Ho letto il libro in poco tempo, concentrandomi con più attenzione su certe parti e scorrendo con più celerità altre, soprattutto quando, come nel caso della Bibbia e della storia della Chiesa, l’impianto accusatorio e demolitorio era ben chiaro. Non escludo la possibilità di rileggerlo con più calma, anche per poter afferrare meglio il Suo pensiero. Trattandosi di un’opera composita, nel senso di essere formata da più sezioni abbastanza diversificate nel contenuto e nel tempo, e di un susseguirsi continuo di osservazioni e precisazioni all’interno delle singole sezioni, non è facile e non credo nemmeno possibile darne un giudizio globale. Bisognerebbe avere la Sua preparazione culturale, la Sua documentazione bibliografica e la Sua esperienza personale diretta e protratta per una lunga e travagliata esistenza. Inoltre bisognerebbe rispondere argomento per argomento, inciso per inciso, riga per riga. Un’impresa insensata ed inutile. Mi accontenterò di farLe presenti, per iscritto come da Lei richiesto, alcune considerazioni, osservazioni, confidenze che mi suscita la lettura del Suo libro, senza nessun intento accusatorio od assolutorio e senza nessuna pretesa di completezza, ma come un fratello o, se preferisce anche per ragioni anagrafiche (mia mamma era dal 1912), come un figlio al proprio padre. In carità e libertà.

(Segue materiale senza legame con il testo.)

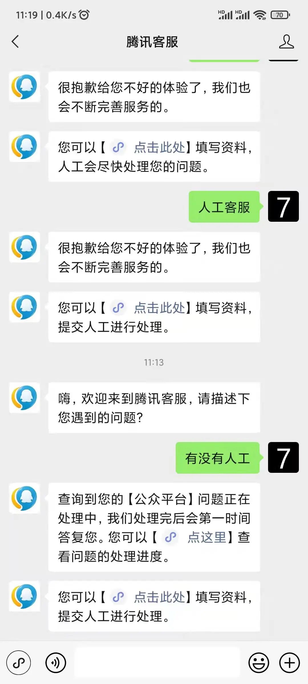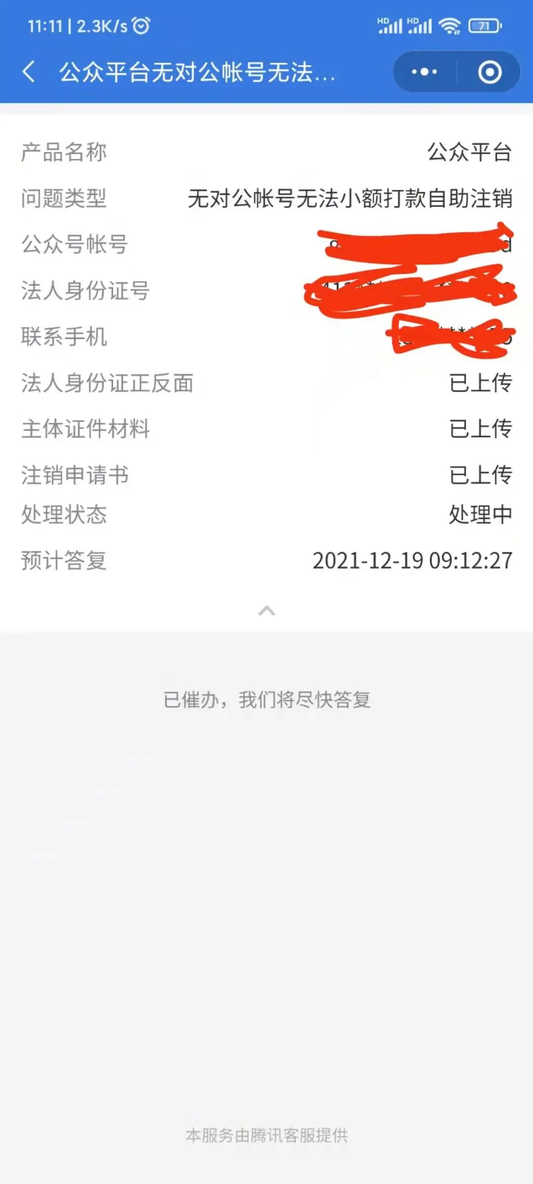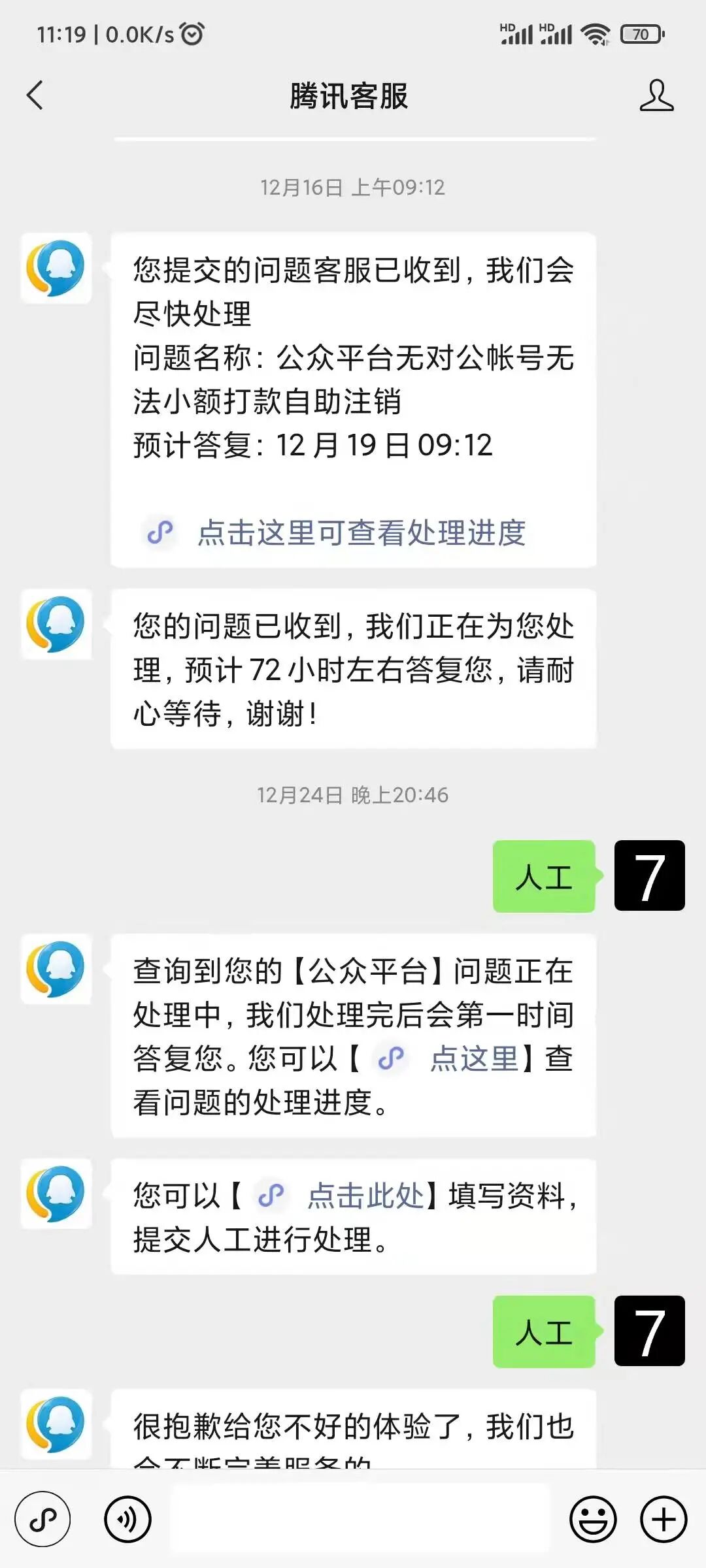 注销一个订阅号,系统提示微信找腾讯客服,然后按照相关资料填写完成后,16号提交,系统提示预计19号有回复,现在都28号了,石沉大海,期间一直点击催办,没有任何反馈,如果解决不了,直接回复解决不了,别误导大家去腾讯客服上面提交资料,提交了又不解决,白白等了十几天,这样浪费大家时间对吗?(粗话我就不说了,不给大家负面影响)
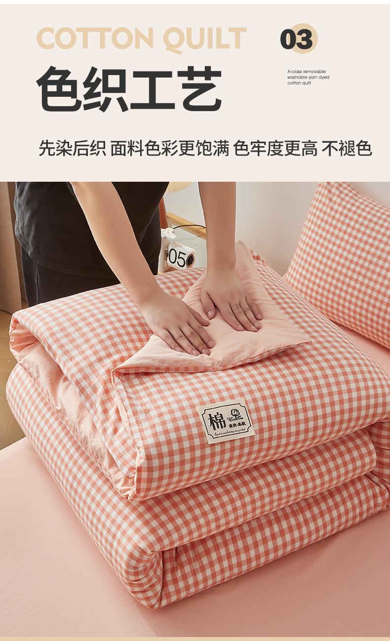 Pink grids { class a cotton quilt removable and washable}, Gray thin strips { class a cotton quilt removable a...
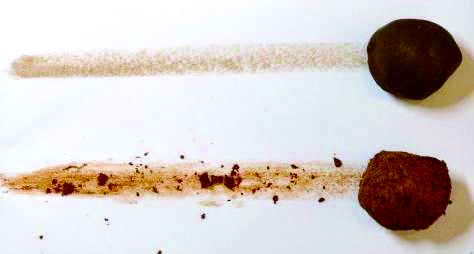 2.涂擦实验(图二)真有趣!把1号、2号土壤的泥球在白纸上擦一擦,1号土壤在纸上留下的痕迹 ,2号土壤的痕迹 。
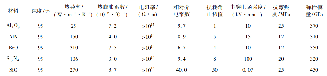 作為封裝基板,要求陶瓷基片材料具有如下性能:
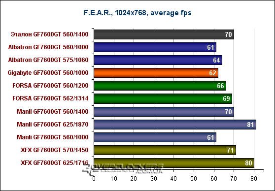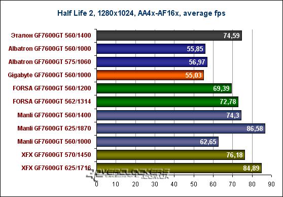 В качестве эталонной видеокарты на базе GeForce 7600GT выступала карта ASUS EN7600GT/2DHT/256M/A, имеющая стандартные частоты 560/700 (1400) МГц для чипа и памяти соответственно. Тестовые пакеты были ограничены всего тремя, а именно 3DMark06, F.E.A.R. и Half Life 2, которых было достаточно, чтобы определить разницу производительности между видеокартами. Настройки в синтетическом пакете не изменялись, в игре F.E.A.R. выставлялось разрешение 1024x768 с качеством графики High, в Half Life 2 - 1280ґ1024, качество графики максимальное, полноэкранное сглаживание - AA4x, анизотропная фильтрация - AF16x.
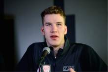 To make up for it, Utah brought out a framed No. 42 jersey during the press conference that Krystkowiak said Poeltl would be able to take with him, along with the Kareem Abdul-Jabbar Award and the Pete Newell award trophies.

La parte “teologica”, che occupa uno spazio notevole nel libro e che avrebbe dovuto interessarmi maggiormente per ragioni professionali o di bottega, mi ha incuriosito parecchio per l’arditezza ed inusualità delle tesi ivi esposte con dovizia di particolari e con una lista infinita di citazioni una più dotta e puntuale dell’altra, ma non mi ha emozionato. Non mi sento di darLe torto nè ho argomentazioni per ribattere punto su punto. E’ tutta l’impostazione che mi ha lasciato perplesso. Lei parte dal principio che Dio è mistero e tutto quello che diciamo con i nostri poveri ragionamenti, con i pronunciamenti magisteriali e con la stessa Bibbia è assurdo, insostenibile, illogico, sballato. E fin qui posso anche convenire. Ma noto in Lei un accanimento razionalistico martellante per dimostrare la Sua tesi e mi accorgo che, alla fine della Sua demolizione, ci troviamo felici e contenti su un mucchio di rovine. Può darsi che per Lei, usato o condannato a sfide insostenibili da superuomo, tutto questo Le dia un brivido di esaltazione, come chi finalmente ha trovato la chiave del mistero. A me tutto questo fa paura e pietà, perchè la chiave non apre nessuna porta, essendo caduta non solo la porta ma anche la parete e la casa. Scorrendo le Sue implacabili argomentazioni mi prende un senso di freddo, come quando tramonta il sole o la vita esce da un corpo goccia a goccia.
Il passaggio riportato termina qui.